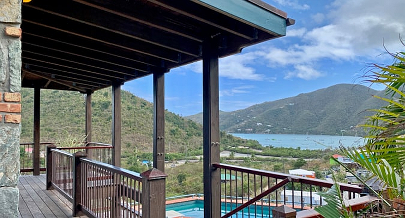 The main living area is equipped with AC and also features two large screened slider doors that look out over Coral Bay and allow the trade winds to circulate throughout. Exit through the glass sliders out onto the wrap around porch on the upper level where you can enjoy coffee in the morning while watching the sunrise over East End.
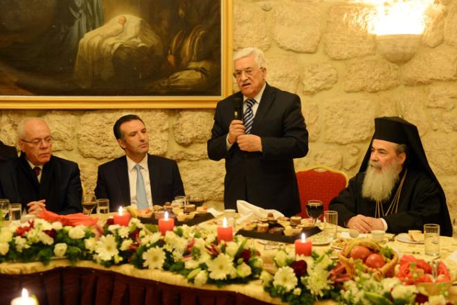 في كلمته خلال ترؤسه قداس منتصف الليل لأعياد الميلاد المجيدة للطوائف المسيحية التي تسير وفق التقويم الشرقي، بحضور الرئيس الفلسطيني محمود عباس(أبو مازن) قال البطريرك ثيوفيلوس الثالث : "تستنكر كنيسة المسيح جميع مظاهر العنف البشعة التي تقع على كافة البشر الأبرياء في منطقة الشرق الأوسط والعالم أجمع، وتستنكر وتشجب الحرب وكل أشكال العنف".
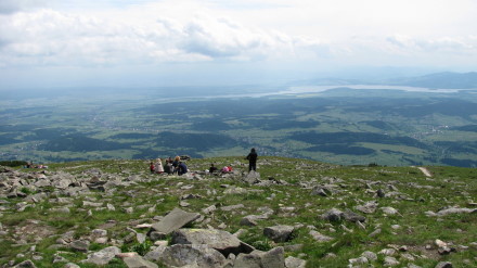 Po około godzinie męczącego marszu przez las wyszliśmy na Sokolicę (1367 m.).
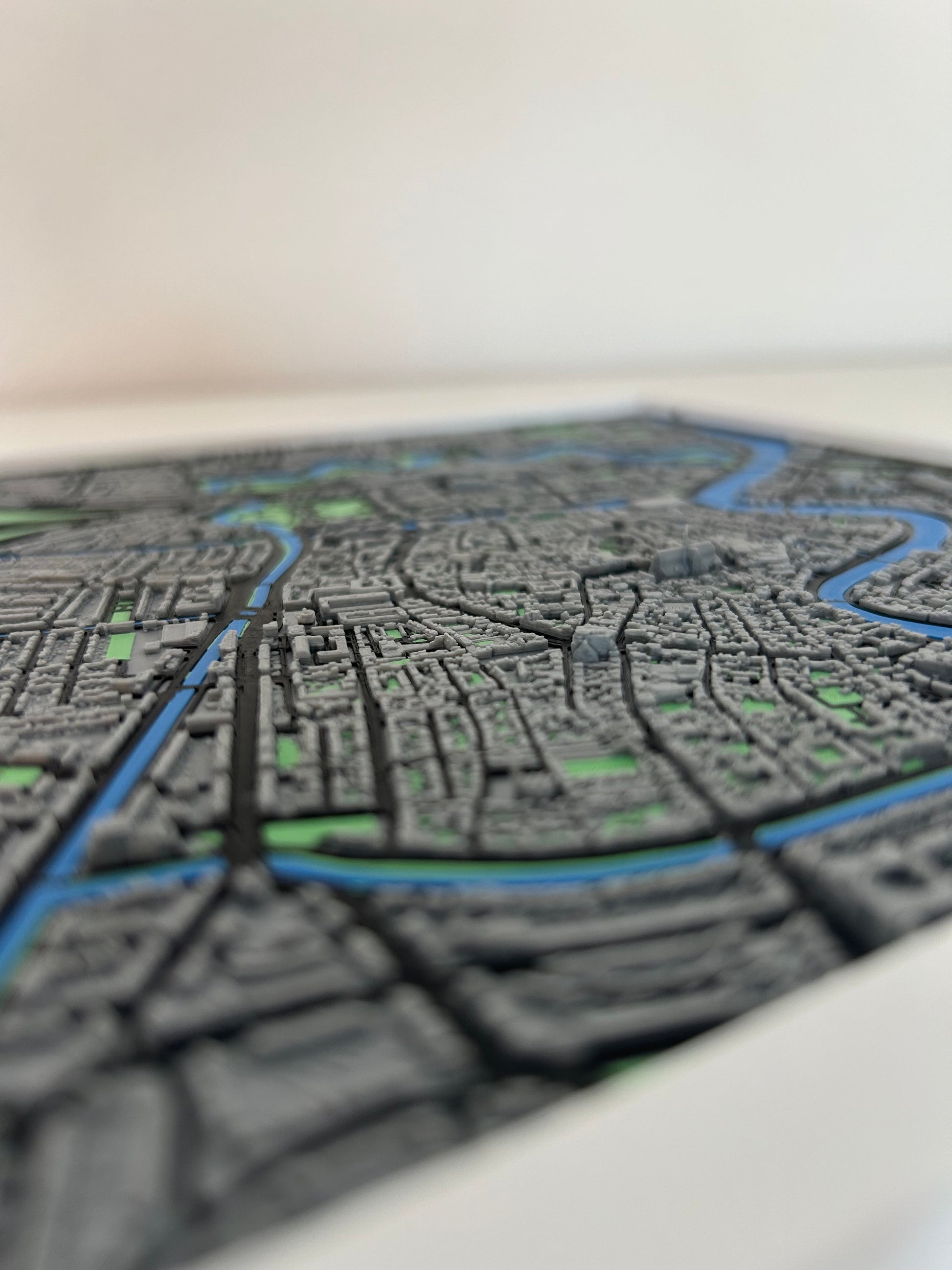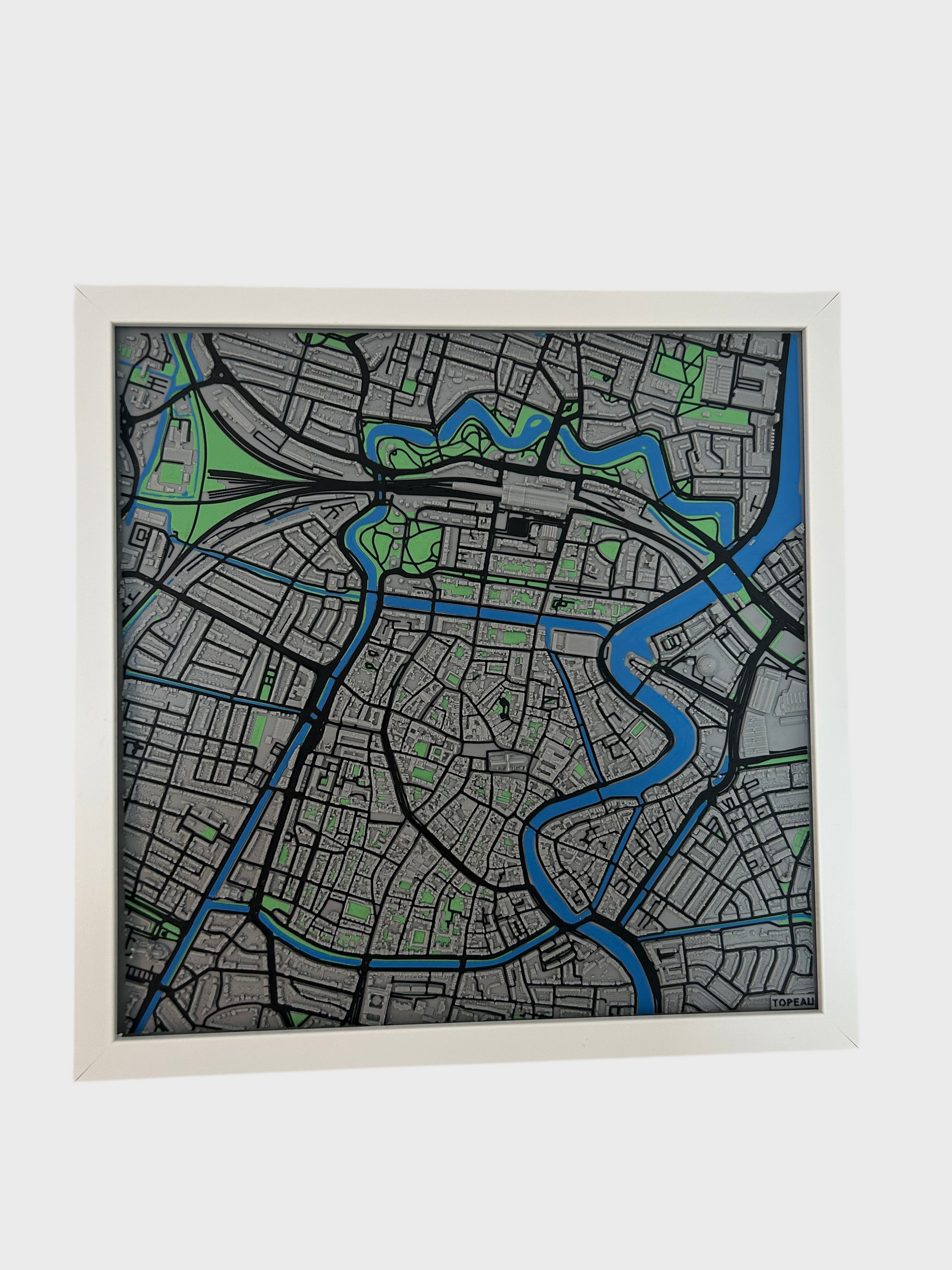 Ontdek de historische grandeur en artistieke flair van Haarlem als nooit tevoren met dit unieke 3D-geprinte kunstwerk! Deze uitzonderlijk gedetailleerde plattegrond van 20x20 cm transformeert de hoofdstad van Noord-Holland in een tastbaar, modern reliëfschilderij. Van de imposante Grote Kerk en de charmante hofjes tot de kronkelende grachten en de levendige Grote Markt, elk kenmerk is met precisie vastgelegd, wat zorgt voor een fascinerend perspectief op Haarlem vanuit vogelvlucht.
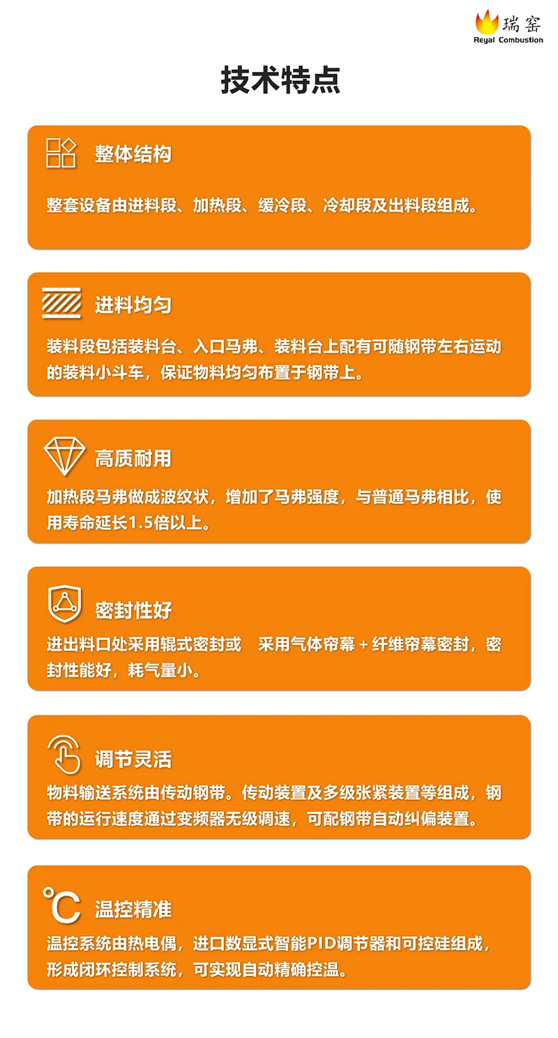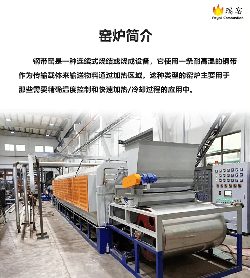 钢带窑是一种利用钢带作为承载工具,将物料连续通过窑炉进行加热处理的设备。它广泛应用于多个行业,特别是在非金属材料的焙烧、合成、分解及排胶等方面。
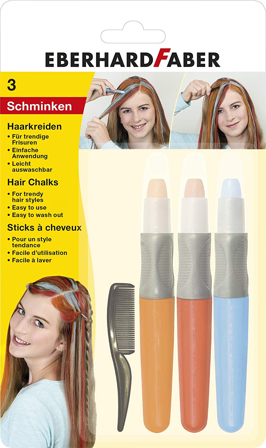 Creion pentru par, culori basic, 3buc/set + pieptan, Eberhard Faber

******************************

Repeat the line that contains "Ontdek de historische" and each line after it, through the last line of the listing, exactly and alone; pictures stay out of the repeat.

 Ontdek de historische grandeur en artistieke flair van Haarlem als nooit tevoren met dit unieke 3D-geprinte kunstwerk! Deze uitzonderlijk gedetailleerde plattegrond van 20x20 cm transformeert de hoofdstad van Noord-Holland in een tastbaar, modern reliëfschilderij. Van de imposante Grote Kerk en de charmante hofjes tot de kronkelende grachten en de levendige Grote Markt, elk kenmerk is met precisie vastgelegd, wat zorgt voor een fascinerend perspectief op Haarlem vanuit vogelvlucht.
 钢带窑是一种利用钢带作为承载工具,将物料连续通过窑炉进行加热处理的设备。它广泛应用于多个行业,特别是在非金属材料的焙烧、合成、分解及排胶等方面。
 Creion pentru par, culori basic, 3buc/set + pieptan, Eberhard Faber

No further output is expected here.